Nystatin adaptive mutations generally yield higher tolerance in haploids than homozygous diploids. (a) The dose–response relationship was measured for each adaptive mutation in haploids and homozygous diploids to determine IC50 (indicated by arrows). (b) Significant differences for tolerance were found between ploidy levels and among lines that carried mutations in different genes. Line-specific statistical results are presented in the electronic supplementary material, table S2.
Maximal growth rate was also significantly affected by ploidy background and gene (figure 2). This was not the result of an inherent growth advantage to haploids, as no significant difference was found between wild-type haploids and diploids in 2 µM nystatin (t15 = 0.52, p = 0.61, haploid mean: 0.04 ± 0.01, diploid mean: 0.03 ± 0.01). Wild-type cells could not be tested at 4 µM or higher levels of nystatin, as by design they were unable to grow without acquiring a mutation. Haploids grew significantly faster than diploids across mutant lines in 2 µM and 4 µM nystatin (2 µM—ploidy: F1 = 7.8, p = 0.009; gene: F1 = 101.3, p < 0.0001; interaction: F3,32 = 0.41, p = 0.75; 4 µM—ploidy: F1 = 6.4, p = 0.017; gene: F1 = 48.6, p < 0.0001; interaction: F3,32 = 0.33, p = 0.80). Similar results were obtained when the data were analysed with a linear mixed-effect model that controlled for batch effects (see the electronic supplementary material, table S1). At 8 µM nystatin, only lines that carried mutations in ERG6 (the most tolerant lines; figure 1) were able to grow consistently, yet haploids again grew significantly faster (t6 = 4, p = 0.01). Lines that carried mutations in ERG3 and ERG7 grew stochastically in 8 µM nystatin, i.e. many lines did not grow, whereas other lines showed rapid growth starting at different time points. This is reminiscent of the growth pattern used to isolate mutation lines in our initial experiments [8] (see the electronic supplementary material, figure S2), and we interpret this growth as the appearance of new mutations. Of the 96 haploid and 96 diploid replicates assayed in 8 µM nystatin, 46 haploid and only five diploid replicates showed growth; this difference in the rate of mutation acquisition among lines is significant (χ12 = 42.72, p < 0.0001). A ploidy-specific difference in mutation acquisition illustrates one of the fundamental differences between lines of different ploidy. When novel mutations arise in diploid form, they are often partially masked by the wild-type alleles and thus less able to confer a fitness advantage unless present in more than one copy.
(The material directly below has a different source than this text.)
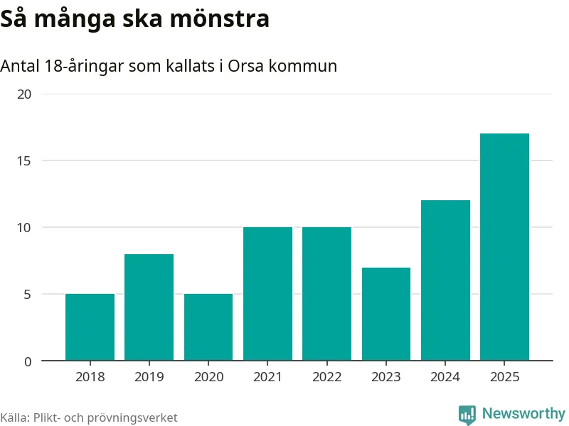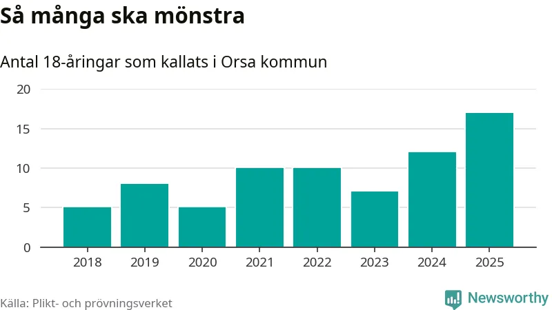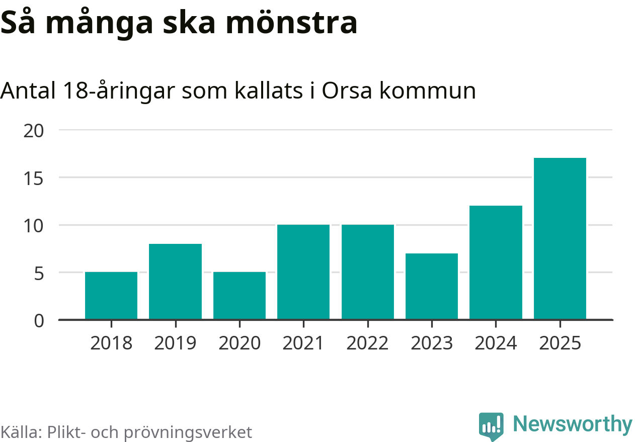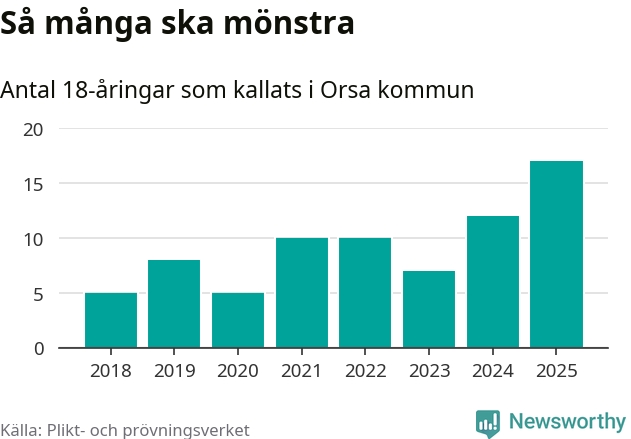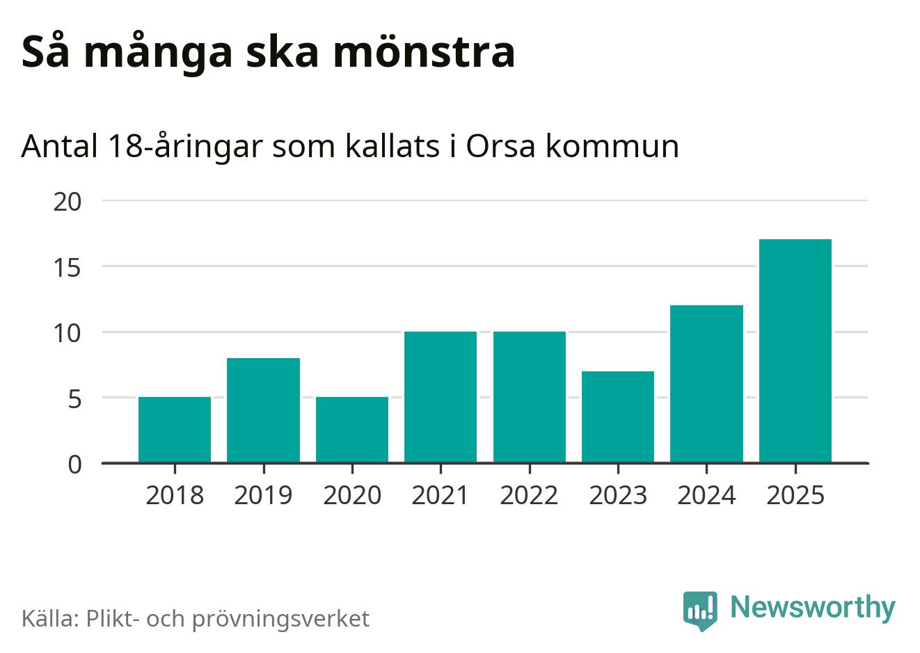 17 personer är det högsta antalet kallade i Orsa sedan 2018, som är första året med statistik på kommunnivå (värnplikten återinfördes 2017), och fem mönstrande fler än 2024. Totalt från Dalarnas län kallas 693 personer i år.

I thus predict that the diploid lines which showed growth contain either rare dominant mutations or a recessive mutation in homozygous form.
Figure 2.
Nystatin adaptive mutations tend to have a higher growth rate in haploids than homozygous diploids in (a) YPD + 2 µM nystatin, (b) YPD + 4 µM nystatin, and (c) YPD + 8 µM nystatin. This pattern is also true when averaged across lines that carried different mutations in the same gene (right-hand column, ERG6 and ERG3 mutation lines). Line-specific statistical results are presented in the electronic supplementary material, table S3.
Combined, these results demonstrate that the adaptive nystatin alleles examined here confer a greater tolerance on haploids than homozygous diploids. McBride et al. [12] also found that diploid S. cerevisiae were more affected than haploids by toxins in their environment. These complementary results may indicate that physical- or expression-level differences exist between ploidy levels of otherwise isogenic yeast that alter the response of cells to either environmental or genetic perturbations. It has long been posited that the fitness of haploid : diploid cells should depend on cell geometry rather than ploidy per se [13]. It may be that resistance to nystatin, which acts by binding to ergosterol in the cell membrane, is directly correlated to total surface area. Thus, diploid cells, which are larger than haploid cells, could be more affected by the same concentration of stressor in their environment.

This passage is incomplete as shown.